Ornamental Pheasants 101

   Yay!!! Artemis the mama red golden pheasant successfully brooded and hatched her clutch and let me tell you, the cuteness level of this homestead just went up about a hundred points! All eight babies are doing just fine, already running around the pen after their mother. Artemis doesn't care for it but the chicks don't mind being held at all and will actually look you in the eyes with a beautifully innocent curiosity. I thought this might be a good time to share my knowledge on these beautiful birds.

   Golden pheasants hail from the mountains of central China. Red goldens are a color mutation of the golden pheasant that also comes in peach, cinnamon, splash, and Amherst varieties. All varieties can interbreed and will produce surprise colorations.

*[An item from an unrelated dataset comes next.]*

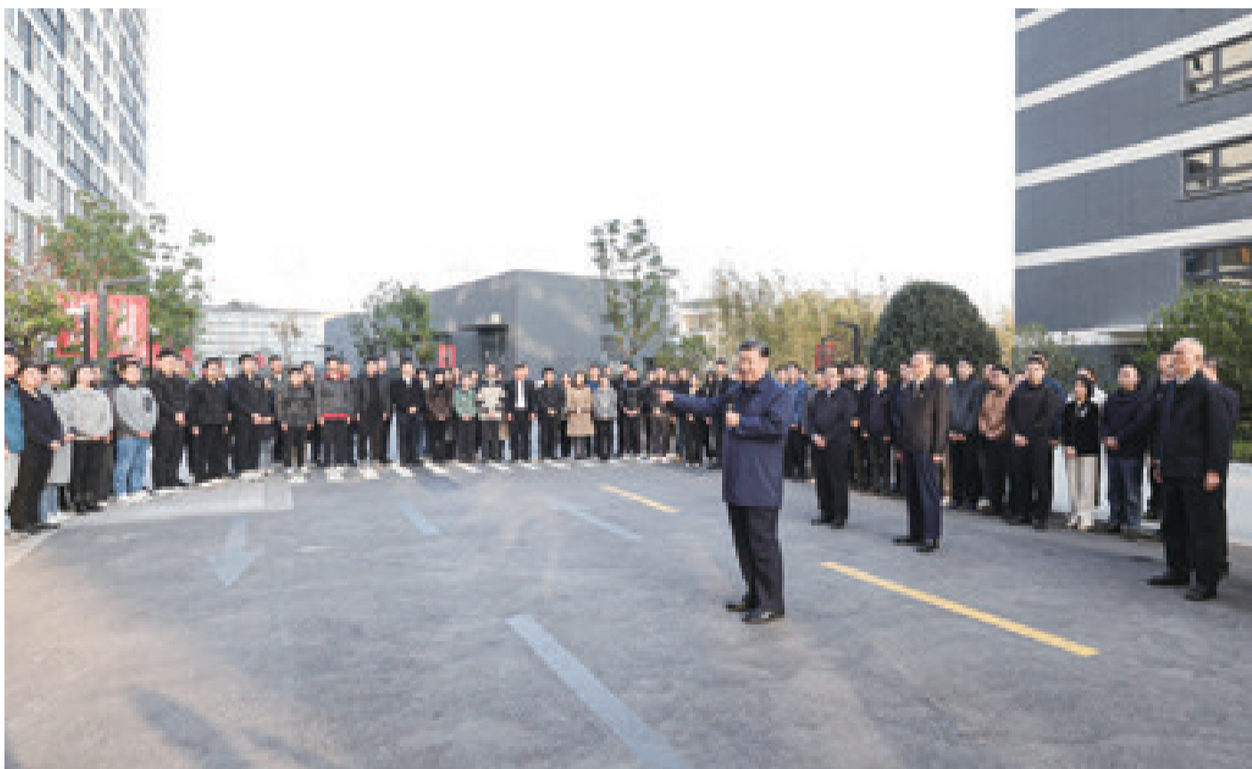
11月28日至12月2日,中共中央总书记、国家主席、中央军委主席习近平在上海考察。这是11月29日下午,习近平在闵行区新时代城市建设者管理者之家,同社区居民亲切交流。

新华社上海/江苏盐城12月3日电 中共中央总书记、国家主席、中央军委主席习近平近日在上海考察时强调,上海要完整、准确、全面贯彻新发展理念,围绕推动高质量发展、构建新发展格局,聚焦建设国际经济中心、金融中心、贸易中心、航运中心、科技创新中心的重要使命,以科技创新为引领,以改革开放为动力,以国家重大战略为牵引,以城市治理现代化为保障,勇于开拓、积极作为,加快建成具有世界影响力的社会主义现代化国际大都市,在推进中国式现代化中充分发挥龙头带动和示范引领作用。

    They are extremely cold hardy and need nothing more than some straw and a windbreak during our harsh northern Wisconsin winters. They eat very little and prefer a high protein diet. Ours are on game bird feed but are excellent bug foragers. They have also developed a deep abiding love for watermelon. Their water needs are exceeded by just a dog dish of water that needs to be refilled more from evaporation than from them actually drinking.

   The females are a lovely leafy brown pattern very much like the local partridge while the males have earned the title of "tie dyed chickens" from my family. They require lots of shade in the summer as high heat is not their favorite and too much exposure to direct sunlight will dull the colors of the males. Runs must be covered! These are not free range birds, they have no problem taking off into the wild blue yonder.

    . They are wary birds and don't make friends with humans easily. The brightly colored males are HIGHLY territorial and will not tolerate multiple males. We tried. Didn't go well. We had three males. Now we have Apollo. Males will fight to the death or exile of their opponents. They seem to be able to cohabitate with other non-pheasant species. Ours have lived with turkeys and ducks and currently enjoy a peaceful cooperative existence with coturnix quail. However, we recently acquired some ring neck pheasant chicks and that seemed to ignite some kind of ancestral blood feud! Apollo immediately tried to ninja kick the baby ring necks to death so I isolated him and now the four feisty little chicks are constantly challenging him through the fence.

    As we are looking to get more involved with ring necks and melanistic ring necks, we will be saying farewell to our red golden pheasants but Apollo and Artemis are not going far so we will be able to get chicks again if we desire.


Cuteness beyond measure! 

We were told repeatedly that there was no way red goldens would hatch out and care for chicks. I have a peck mark on my hand that proves this mama is no ordinary pheasant mother! She is 100% ready to fight for her babies! 

 The incubation period for red golden pheasant eggs is 21 days. All except one of our eggs hatched. 

 A caution if you are buying in chicks: they easily fit through chicken wire and peep rather softly so are difficult to find if they get out. 

 This was not a good idea. They had a huge run and multiple females but it was fight night every night at dusk. BAD IDEA.

The quails and pheasants mostly ignore each other except this guy. This is Penguin, one of my quail roos. He torments Apollo and despite the size difference (about 1/6th the size of a pheasant) Apollo always backs down from this tiny tyrant. All fear the mighty Penguin!